Ok, I understand your question now. Btw, I’ve been using an 80w Rabbit laser system for about 6 months at my local maker space, primarily engraving custom cutting boards and pub glasses, so have had a fair amount of practice with the “normal” workflow with this sort of setup (i.e. truly crappy software).
I have used both bitmap/rasters and vectors for engraving in the past, and have since given up on using vector files for engraving. Unfortunately, I don’t have a photo of the end result, but consider this file (browser-friendly bitmap shown, but trust me, this was a true vector file):
What I was hoping was that all the black areas would be “engraved” – burned down to a specific depth as defined by the power and speeds settings for “black” in the Rabbit software. What I ended up with was a meticulously-detailed outline of each black area. Still looked great, but wasn’t what I was looking for.

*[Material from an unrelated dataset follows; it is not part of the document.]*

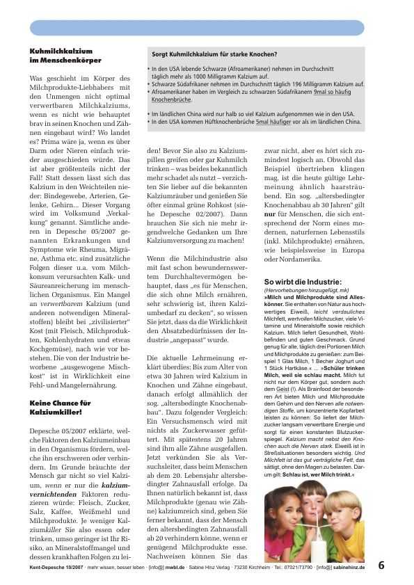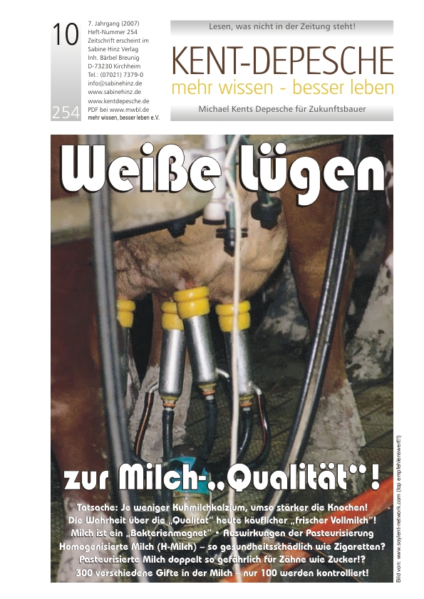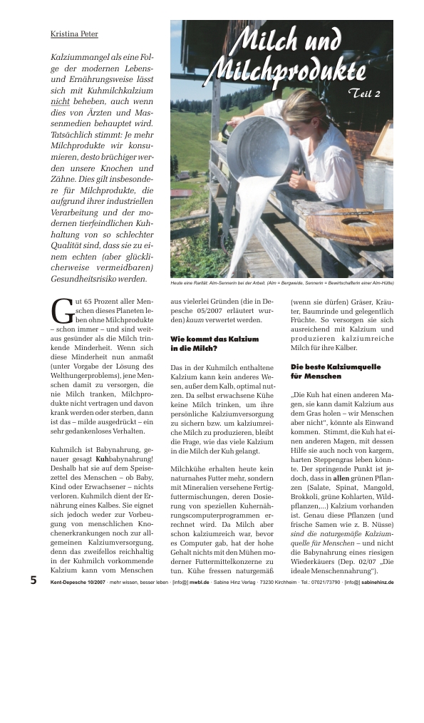 »Kalziummangel als eine Folge der modernen Lebens- und Ernährungsweise lässt sich mit Kuhmilchkalzium nicht beheben, auch wenn dies von Ärzten und Massenmedien behauptet wird. Tatsächlich stimmt: Je mehr Milchprodukte wir konsumieren, desto brüchiger werden unsere Knochen und Zähne. Dies gilt insbesondere für Milchprodukte, die aufgrund ihrer industriellen Verarbeitung und der modernen tierfeindlichen Kuhhaltung von so schlechter Qualität sind, dass sie zu einem echten (aber glücklicherweise vermeidbaren) Gesundheitsrisiko werden.«

My current strategy is to use hi-res 2-color bitmaps, matching the resolution in DPI (dots per inch) to that of the laser. In my case, the Rabbit says it’s good for 800 dpi, but 500-600 is much more realistic. Here’s an example of a woodcut that I engraved at 300 dpi:
Btw, this image illustrates one of my biggest reasons for purchasing a GF. Notice that the image is aligned along the left side of the bamboo instead of centered. Despite my best efforts to calculate the center (and using the Rabbit’s boundary preview red laser) the actual cut was offset. I am eagerly awaiting my GF, so that I can have a live preview for alignment!